Olympic medal record

Women's handball

Representing South Korea

World Championship

Asian Games

Asian Championship

= Chung Hyung-kyun =

South Korean handball coach, referee and administrator (born 1955)

Chung Hyung-kyun (Korean: 정형균, born 24 January 1955) is a South Korean handball coach, administrator, and referee and former player. Considered a legend of South Korean handball, he coached the South Korean women's team to gold medals at the 1992 Summer Olympics and at the 1995 World Women's Handball Championship. He also led the team to a silver medal at the 1996 Summer Olympics, where South Korea lost to Denmark. He is nicknamed the 'Handball Czar'

== Career ==
The 1995 World Championship title made South Korea the first non-European team to win the title, and by 2026 the only Asian team to win the title. With South Korea he also won a gold medal at the 1994 Asian games.

Afterwards he coached the Chinese women's team.

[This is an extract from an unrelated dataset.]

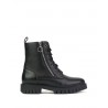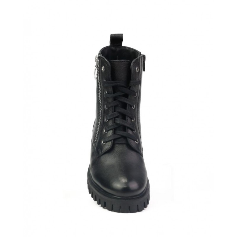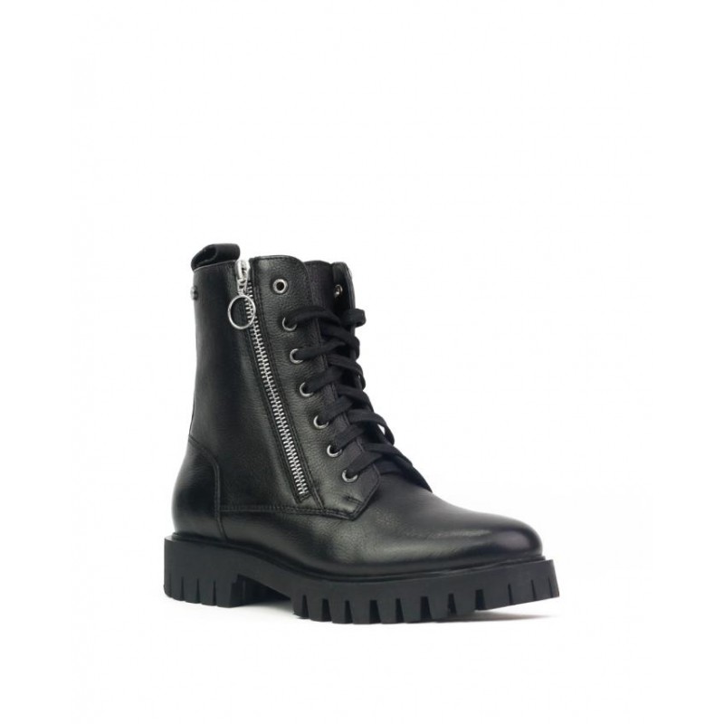Botines de tacón KangaROOS mujer. Fabricado en piel vacuno de calidad en color negro. Forro interior en textil y plantilla interior piel. Altura de caña 15 cm. Cremallera interior para puesta y retirada el producto y cordones para ajustar al pie. Tirador trasero. Altura de tacón 3 cm, altura plataforma 2 cm.
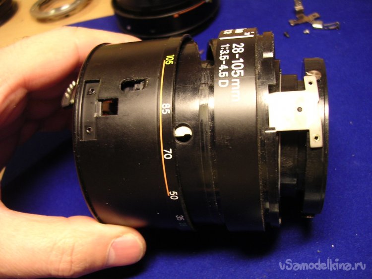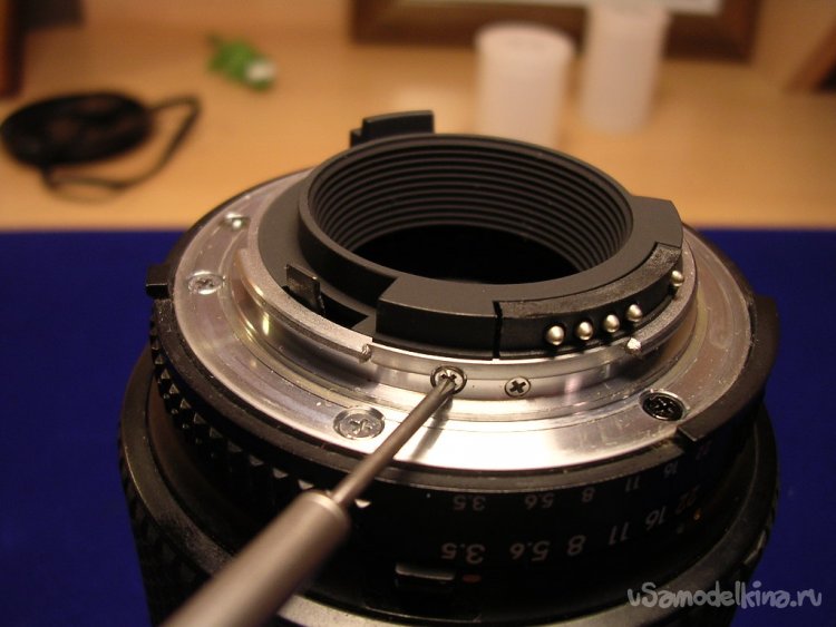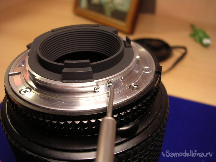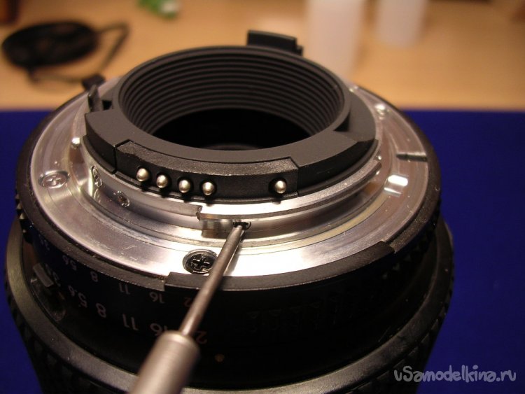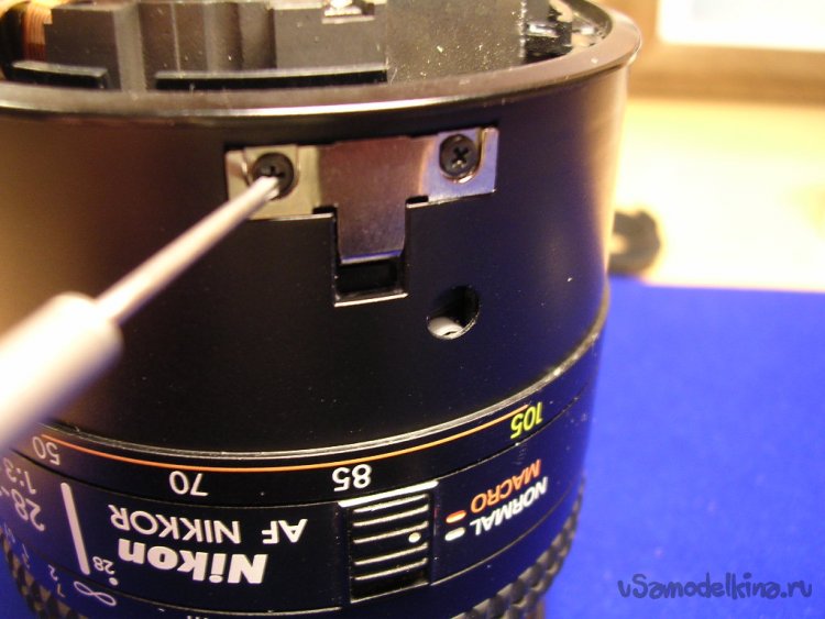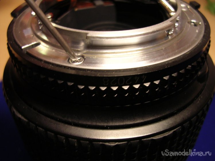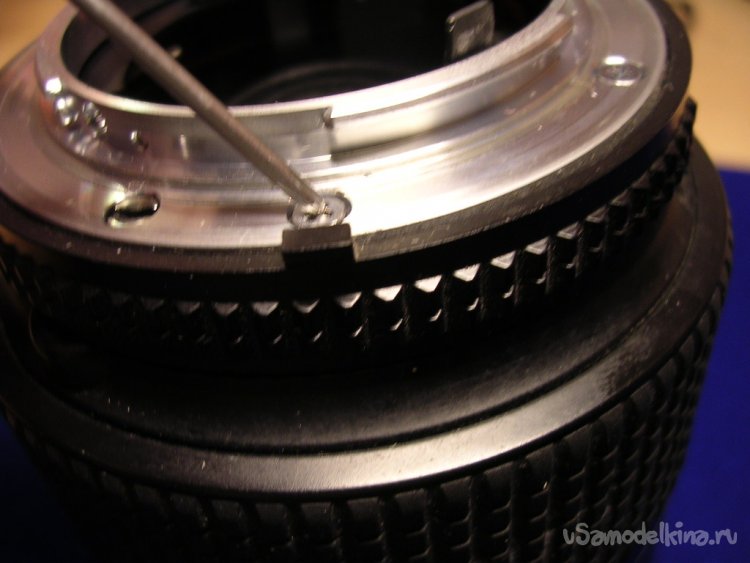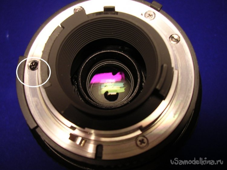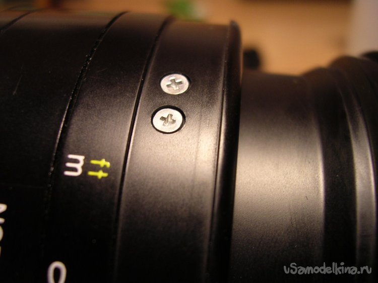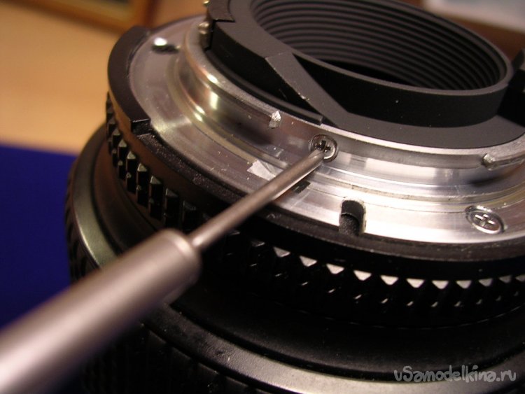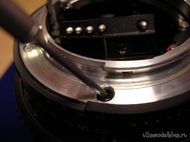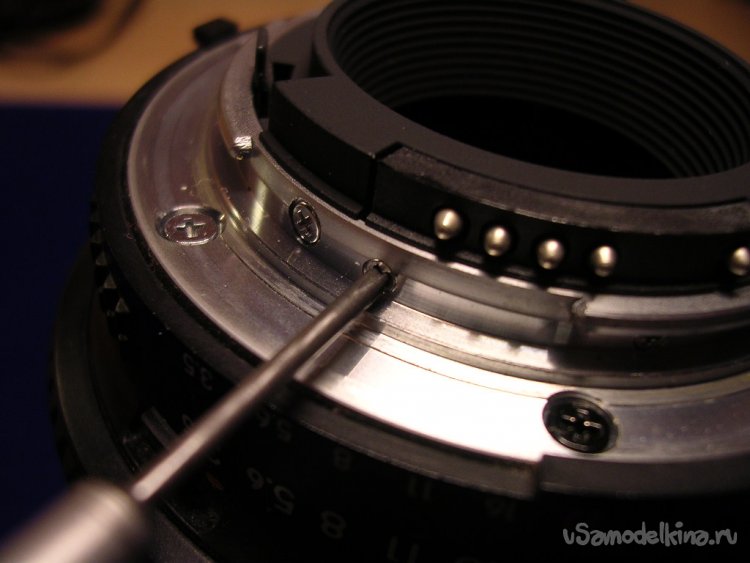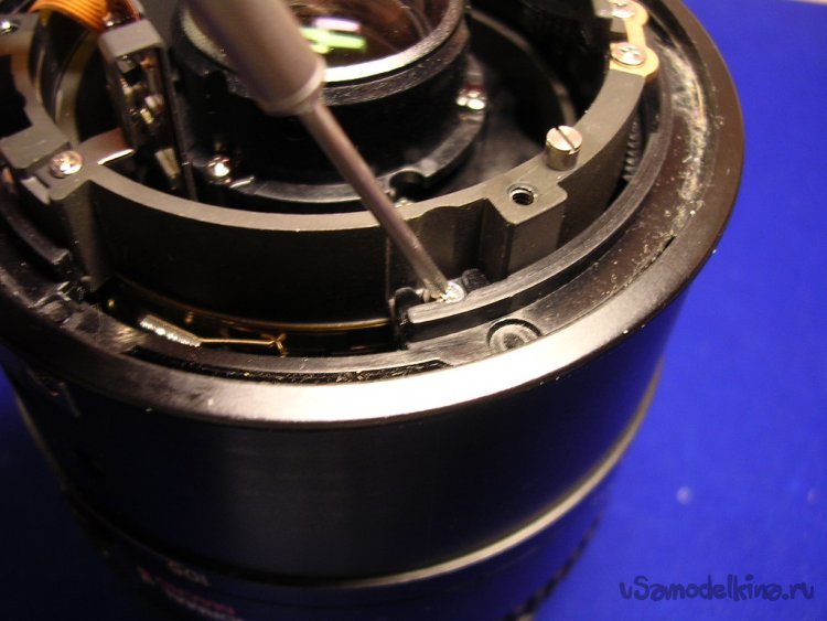 После этой операции можно выкрутить пины которые скользят по внутренним прорезям объектива и перемещают внутренние блоки линз. Их головы почему то под шлицевую отвертку.

He managed to qualify them for the 2004 Olympics, and guided them to the quarterfinals, where they lost to Denmark. He left the team after this tournament.

In April 2012 he was elected the chairperson of the East Asian Handball Federation. Prior to that he was the Vice-president of the Korea Handball Federation.
In December 2025 he was elected to the Asian Handball Federation council for the 2025-2029 term.

As a player he won silver medals at the inaugural 1977 Asian Championship.